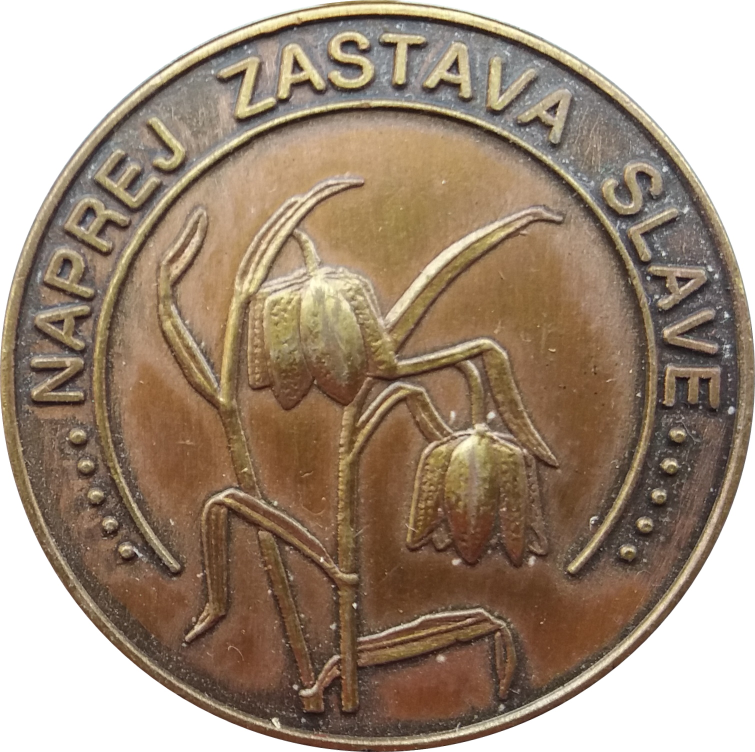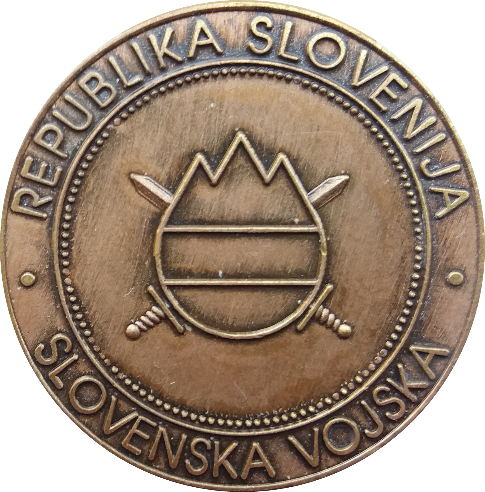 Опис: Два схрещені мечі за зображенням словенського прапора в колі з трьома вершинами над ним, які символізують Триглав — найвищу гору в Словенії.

--

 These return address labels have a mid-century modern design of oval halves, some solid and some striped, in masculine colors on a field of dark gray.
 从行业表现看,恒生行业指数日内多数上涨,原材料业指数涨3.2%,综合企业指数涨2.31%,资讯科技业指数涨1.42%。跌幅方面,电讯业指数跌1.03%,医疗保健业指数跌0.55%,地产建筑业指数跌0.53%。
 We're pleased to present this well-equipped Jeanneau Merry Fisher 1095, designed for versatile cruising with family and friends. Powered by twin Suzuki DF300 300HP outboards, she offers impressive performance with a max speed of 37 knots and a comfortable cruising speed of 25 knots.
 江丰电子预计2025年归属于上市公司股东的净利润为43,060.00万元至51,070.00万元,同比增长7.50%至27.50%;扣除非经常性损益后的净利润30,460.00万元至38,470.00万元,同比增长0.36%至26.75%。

> _Exercise aim_:
Begin at the line that has "These return address" in the entries above; stop after the line that has "江丰电子预计2025年归属于". Transcribe exactly those lines and no others.

> _Response to this exercise_:
 These return address labels have a mid-century modern design of oval halves, some solid and some striped, in masculine colors on a field of dark gray.
 从行业表现看,恒生行业指数日内多数上涨,原材料业指数涨3.2%,综合企业指数涨2.31%,资讯科技业指数涨1.42%。跌幅方面,电讯业指数跌1.03%,医疗保健业指数跌0.55%,地产建筑业指数跌0.53%。
 We're pleased to present this well-equipped Jeanneau Merry Fisher 1095, designed for versatile cruising with family and friends. Powered by twin Suzuki DF300 300HP outboards, she offers impressive performance with a max speed of 37 knots and a comfortable cruising speed of 25 knots.
 江丰电子预计2025年归属于上市公司股东的净利润为43,060.00万元至51,070.00万元,同比增长7.50%至27.50%;扣除非经常性损益后的净利润30,460.00万元至38,470.00万元,同比增长0.36%至26.75%。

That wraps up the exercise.